Semi-automatic testing

by Edward Z. Yang

When programmers automate something, we often want to go whole-hog and automate everything. But it’s good to remember there’s still a place for manual testing with machine assistance: instead of expending exponential effort to automate everything, automate the easy bits and hard-code answers to the hard research problems. When I was compiling the following graph of sources of test data, I noticed a striking polarization at the ends of "automated" and "non-automated."

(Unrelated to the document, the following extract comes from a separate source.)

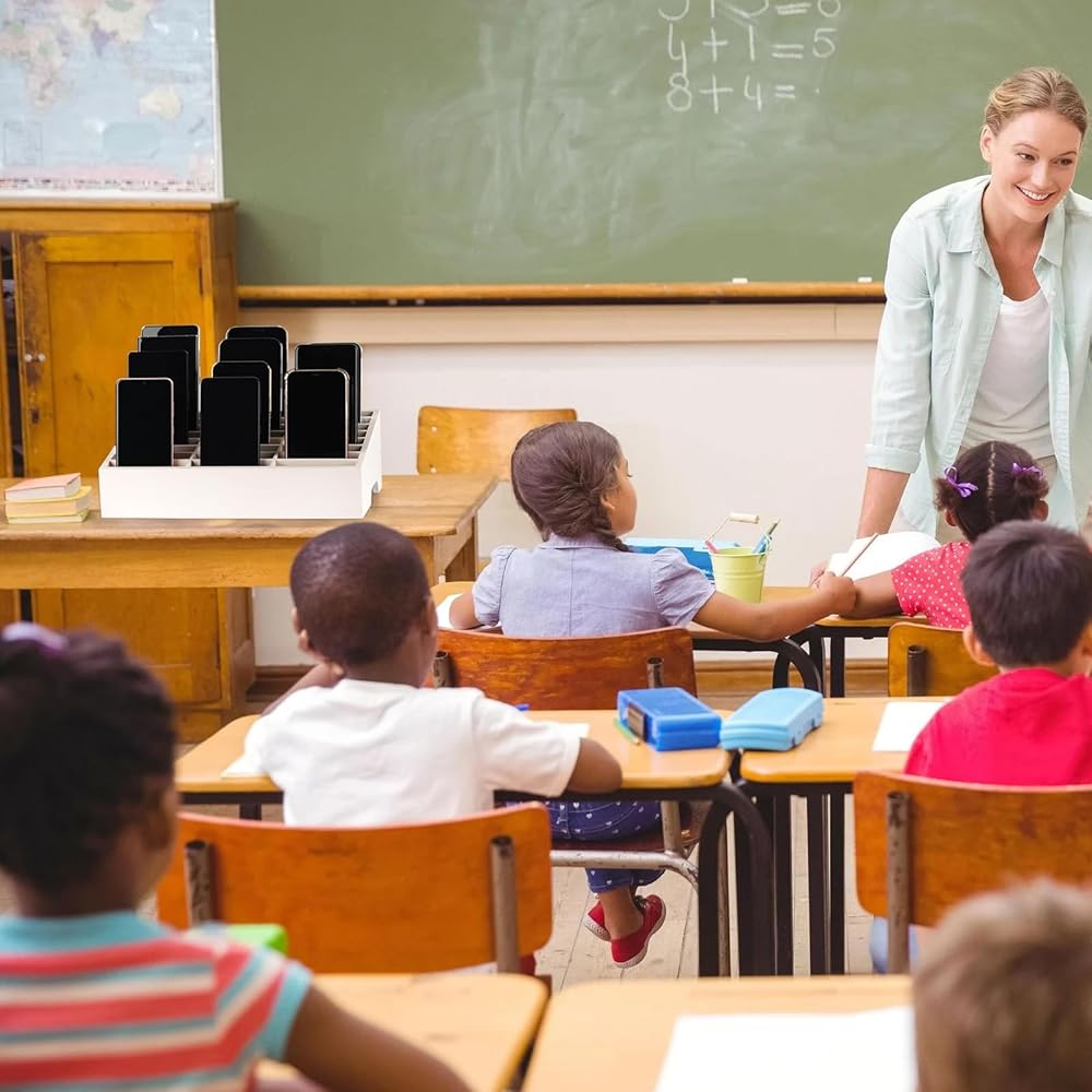 خامة عالية الجودة: حامل الهاتف في الفصل الدراسي مصنوع من خشب عالي الجودة، ثابت ومتين، قوي وعملي. يمكنه حمل ما يصل إلى 33 هاتفًا محمولاً لتلبية احتياجاتك.

An ideal test framework would support combining all of these data sources and all of these testing mechanisms. Some novel approaches include:

  • Randomly generated test-cases with manual verification. Obviously you won’t be able to hand verify thousands of test-cases, but a few concrete examples can do wonders for documentation purposes, and random generation prevents us from only picking “nice” inputs.
  • Reference implementation as previous version of the code. To the limit, you automatically accept the output of an old implementation and save it to your test suite, and when a test starts failing you the framework asks you to check the output, and if it’s “better” than before you overwrite the old test data with the new. GHC’s test suite has something along these lines.
  • You’ve written lots of algebraic laws, which you are using Quickcheck to verify. You should be able to swap out the random generator with a deterministic stream of data from a sampled data source. You’d probably want a mini-DSL for various source formats and transforming them into your target representation. This also works great when you’ve picked manual inputs, but exactly specifying the output result is a pain because it is large and complicated. This is data-driven testing.
  • Non-fuzzing testing frameworks like Quickcheck and Smallcheck are reasonably good at dealing with runtime exceptions but not so much with more critical failures like segmentation faults. Drivers for these frameworks should take advantage of statelessness to notice when their runner has mysteriously died and let the user know the minimal invocation necessary to reproduce the crash—with this modification, these frameworks subsume fuzzers (which are currently built in an ad hoc fashion.)

It would be great if we didn’t have to commit to one testing methodology, and if we could reuse efforts on both sides of the fence for great victory.